Working on the album paved the way for his entry onto the Brazilian music scene; since then, the music of the country has been his passion. "It's more than a flirt what I feel for Brazilian music. This idea [for the Brasil Project albums] came from Miles Goodman and Oscar Castro Neves. They said all these Brazilian guys love me. They all know [the] album I did in 1972 with Elis Regina." So together with the Brazilian players, the dream session was realized with two consecutive releases, volumes one and two of The Brasil Project in 1992 and 1993, respectively.

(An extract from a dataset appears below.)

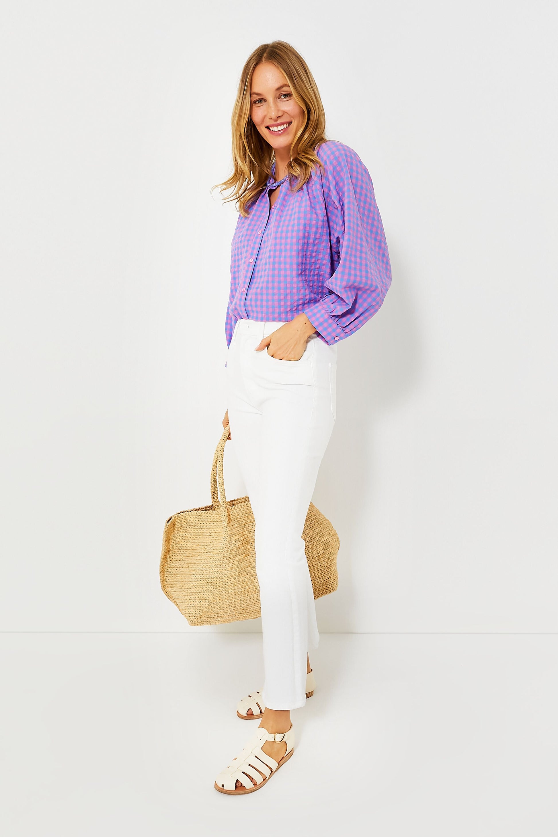 The Rosie Blouse is full of surprises! Designed with an unexpected pink and blue gingham print done in a slightly crinkled, textured fabric, this top is equally playful as it is flirty. Opt for white denim and strappy sandals for everything from Sunday brunch to backyard get-togethers.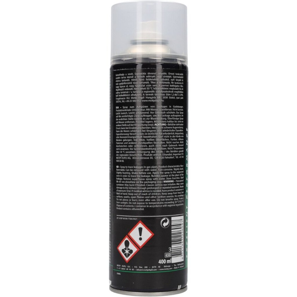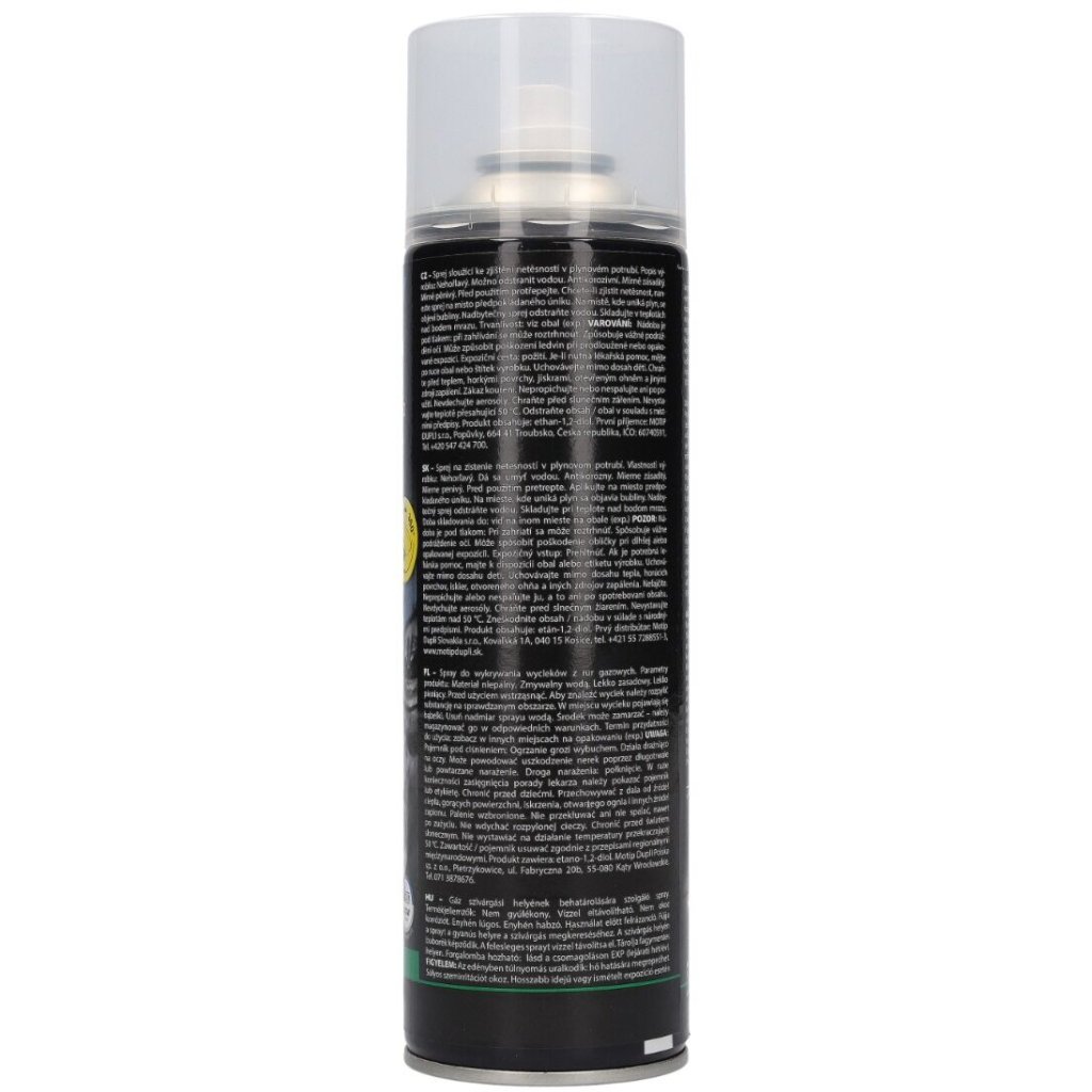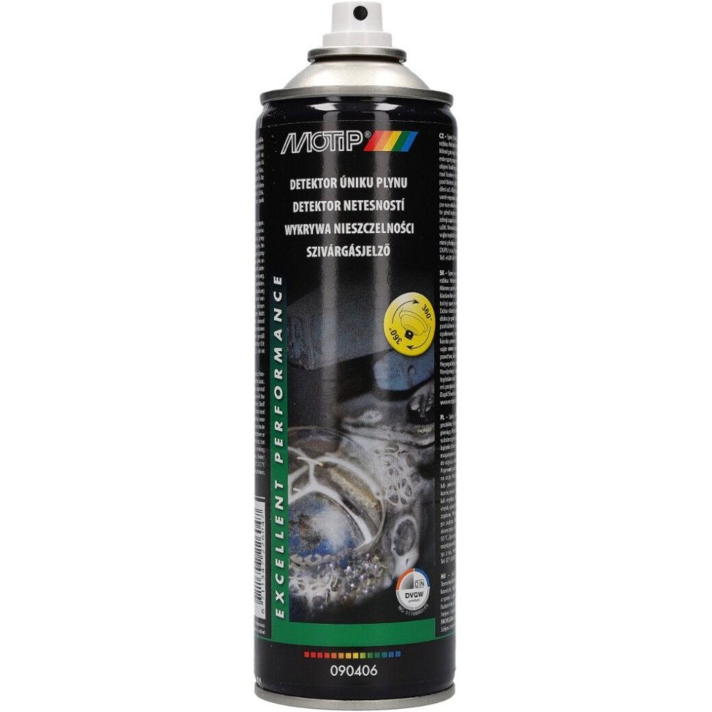 Špeciálny ventil umožňuje použitie prípravku v akejkoľvek polohe, čo uľahčuje obsluhu na ťažko dostupných miestach. Pred použitím nádobu pretrepte a potom prípravok rovnomerne rozotrite na miesta, kde je podozrenie na únik. V prípade úniku bude produkt vytvárať penivé bubliny, ktoré signalizujú problém.

Toots Thielemans has been featured on recordings with contemporary artists such as Billy Joel, Paul Simon, Quincy Jones, Pat Metheny, and Ella Fitzgerald. And although he is an adept guitarist and an exceptional whistler, his harmonica playing is unrivaled. As he told Jim Macnie of Musician magazine, "Some people will agree that a harmonica player can be a good musician. But many will also tell you that they just don't like the way it sounds. Anybody who listens closely should appreciate it, however, because music transcends the instrument it's played on--whether it's a harmonica or a broomstick."

by Charlie Katagiri

Toots Thielemans's Career

Began playing the accordion at the age of three; bought first harmonica when he was in his teens. Self-taught guitarist, working as an accompanist to headliners like Edith Piaf and Charles Trenet in Brussels after World War II; became well-known composer and self-accompanist, whistling and playing guitar on his international hit "Bluesette." Played with jazz greats Charlie Parker, Benny Goodman, Miles Davis, and George Shearing; recorded two-volume Brasil Project, 1992-93. Appeared as a featured soloist on albums, commercials, and motion picture soundtracks; played harmonica solo for PBS-TV's Sesame Street theme.

Toots Thielemans's Awards

Hohner (harmonica manufacturer) created a special chromatic harmonica named for Thielemans.

Famous Works

Further Reading


Visitor Comments Add a comment…

over 15 years ago

My daughter was a student at the University of Michigan. I called her, "Amy do not make plans for Saturday evening, your mother and I are coming and I am going to take you to hear the greatest musician you will ever hear. His name is Toots Thielemans and he is playing in a club downtown in Ann Arbor." It was a memorable happening, which I hope my daughter remembers fondly for ever. The man is truly a genius. Jack Overpeck

over 15 years ago

Thank you for the bio of Toots Thielemans. We had the great fortune to hear him play at Yoshe's in San Francisco this past Thursday November 13, '08. What a thrill it was to hear and watch this 86 and a half year old musician play the harmonica!! We were blown away by the passion he showed for his music and his harmonica, Where do we go to get some of his cd's?